The professor cleared his throat. Unconcerned that not everyone realized class had started, his voice floated gently, like a child blowing bubbles in the breeze. Christina put away her cards, hoping for a better distraction.

“I realize this is a challenging time for many of you. After speaking with the dean and other members of the faculty, I’ll be taking a sabbatical.” At this, the remaining whisperers quieted. “But before I go, I wanted to share one more bit of news with you.”

He flicked on the projector, and there was Libby’s photo from her student identification card. Her apprehensive eyes stared through everyone in the room. Christina squeezed the fabric of her skirt in both fists.

“As many of you know, Libby never chose a game, and it came as little surprise when her window of reprieve came and went without her returning to us. I don’t need to tell you what her selflessness has come to represent. But I do have one bit of information that will come as news to everyone.”

He clicked to the next slide, and the familiar rules appeared, with a slight difference. Some students reacted right away, while others took a few moments to realize what they were seeing. Soon the room buzzed with questions.

The professor continued. “Beginning the day of Libby’s death, those tasked with tracking Death experiences and reprieval rates began hearing strange stories. People who came back no longer spoke of meeting Death for a one-on-one challenge. Someone new was there with Death, they said. A young woman. Needless to say, this information was closely guarded until it could be verified. But the news is about to reach the public, so I received special permission to share it with you.”

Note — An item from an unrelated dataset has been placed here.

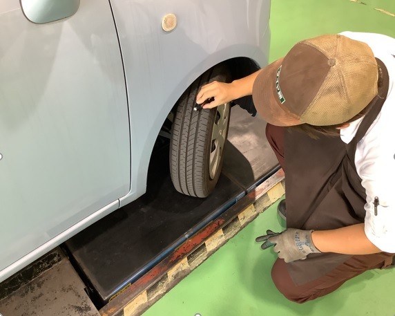 空気圧・残りミゾ・偏摩耗・ひび割れ・4輪の減り方のばらつき等点検させていただきます。
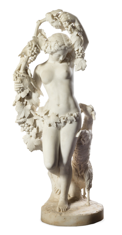 depicting a maiden hoisting a grapevine above her head while a sheep leans against her side, raised on a naturalistic base, apparently unsigned.

Christina read the rules again, unable to believe her eyes.

The Ground Rules (Revised)
1. Death is not athletic.
2. No cheating.
3. Death lets children win, provided they are polite.
4. Playing is voluntary.
5. Death gets better at a game the more he plays.
6. Three-player games are now encouraged.

On the front row, Roger Lang raised his hand. “What does this mean for us?” he asked. “Do we have to beat them both? Just one?”

“I have no idea,” the professor answered, smiling at the words on the screen. “Isn’t it wonderful?”